[The data]
◇ ◇ ◇ ◇ ◇

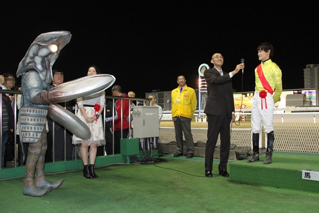 バルタン店長杯表彰式 川崎競馬場×帰ってきた怪獣酒場『怪獣酒場の競馬場侵略作戦』バルタン店長杯表彰式の動画です。Posted by カツマルくん(川崎競馬公式ゆるキャラ) on 2015年11月24日
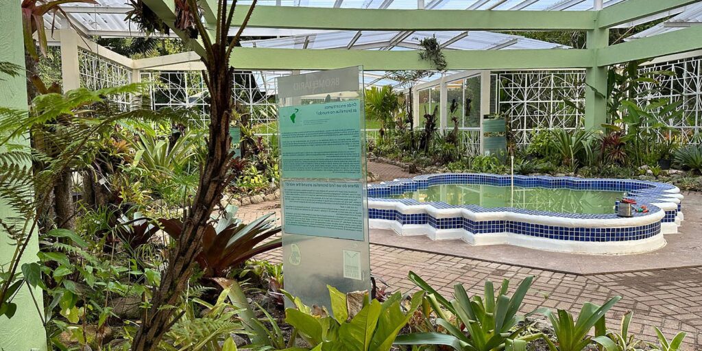 Marcus Nadruz informou que muitas bromélias estão presentes também em diversos canteiros no arboreto, seja na forma de epífitas, que se desenvolvem sobre árvores e palmeiras, como introduzidas a partir de excedentes clonais da coleção científica.
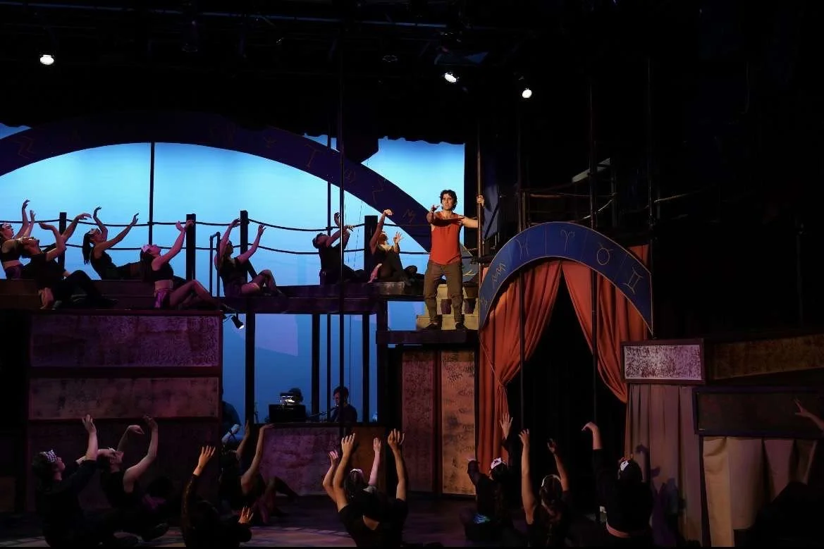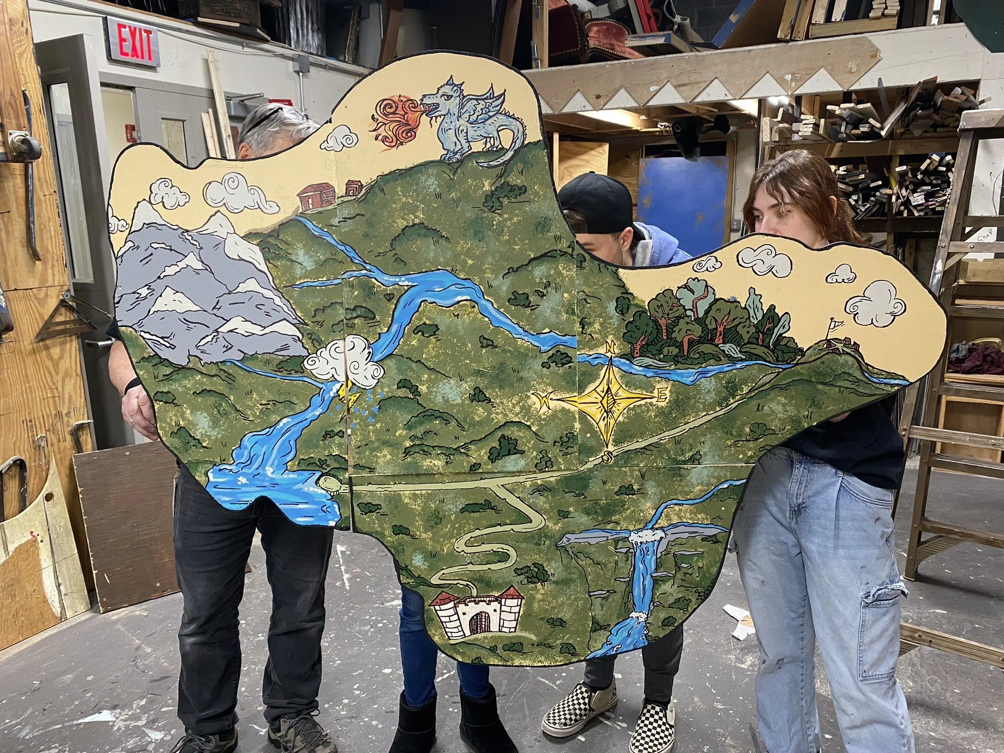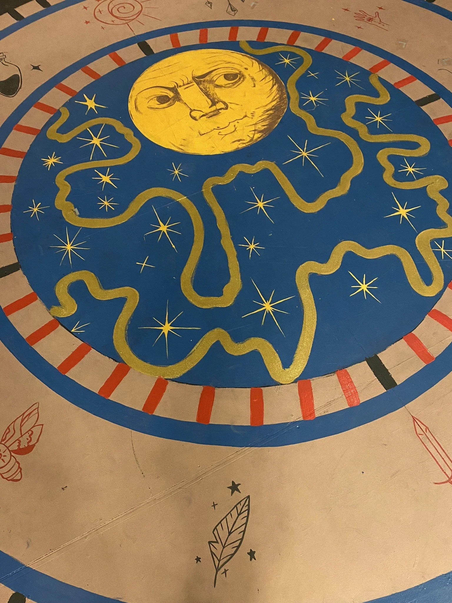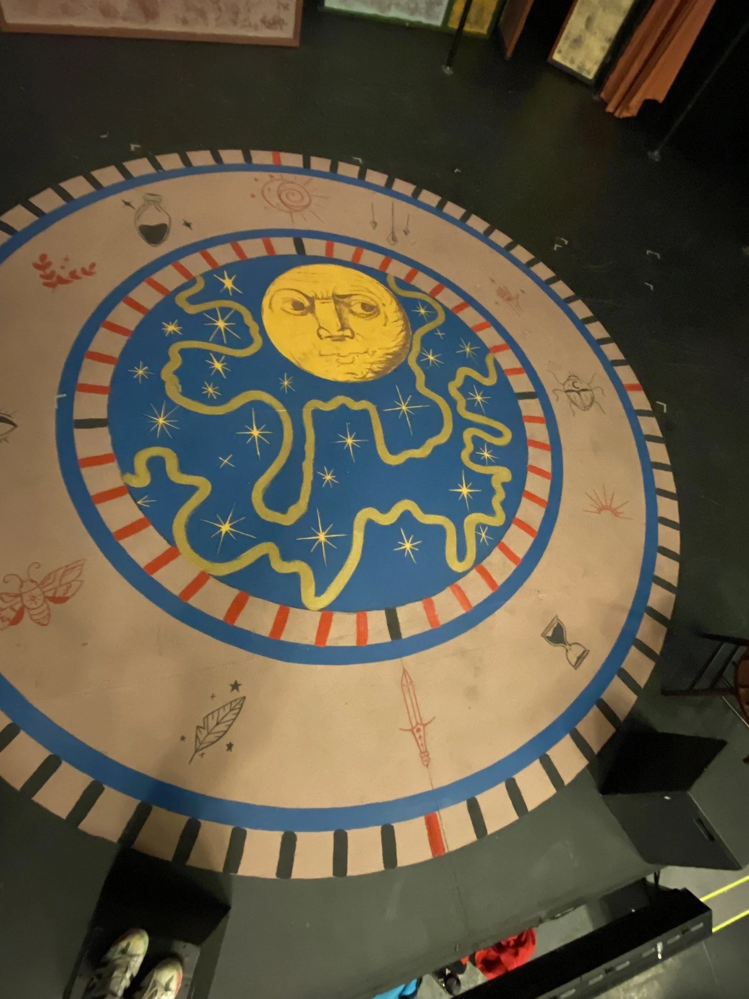 In Dean College’s Pippin, I was responsible for painting the deck centerpiece, map, and the smaller astrological arch (stage left).

◇ ◇ ◇ ◇ ◇

[What this task involves]
Copy each line above exactly. Images do not belong in the copy.

[Response to the exercise]
 バルタン店長杯表彰式 川崎競馬場×帰ってきた怪獣酒場『怪獣酒場の競馬場侵略作戦』バルタン店長杯表彰式の動画です。Posted by カツマルくん(川崎競馬公式ゆるキャラ) on 2015年11月24日
 Marcus Nadruz informou que muitas bromélias estão presentes também em diversos canteiros no arboreto, seja na forma de epífitas, que se desenvolvem sobre árvores e palmeiras, como introduzidas a partir de excedentes clonais da coleção científica.
 In Dean College’s Pippin, I was responsible for painting the deck centerpiece, map, and the smaller astrological arch (stage left).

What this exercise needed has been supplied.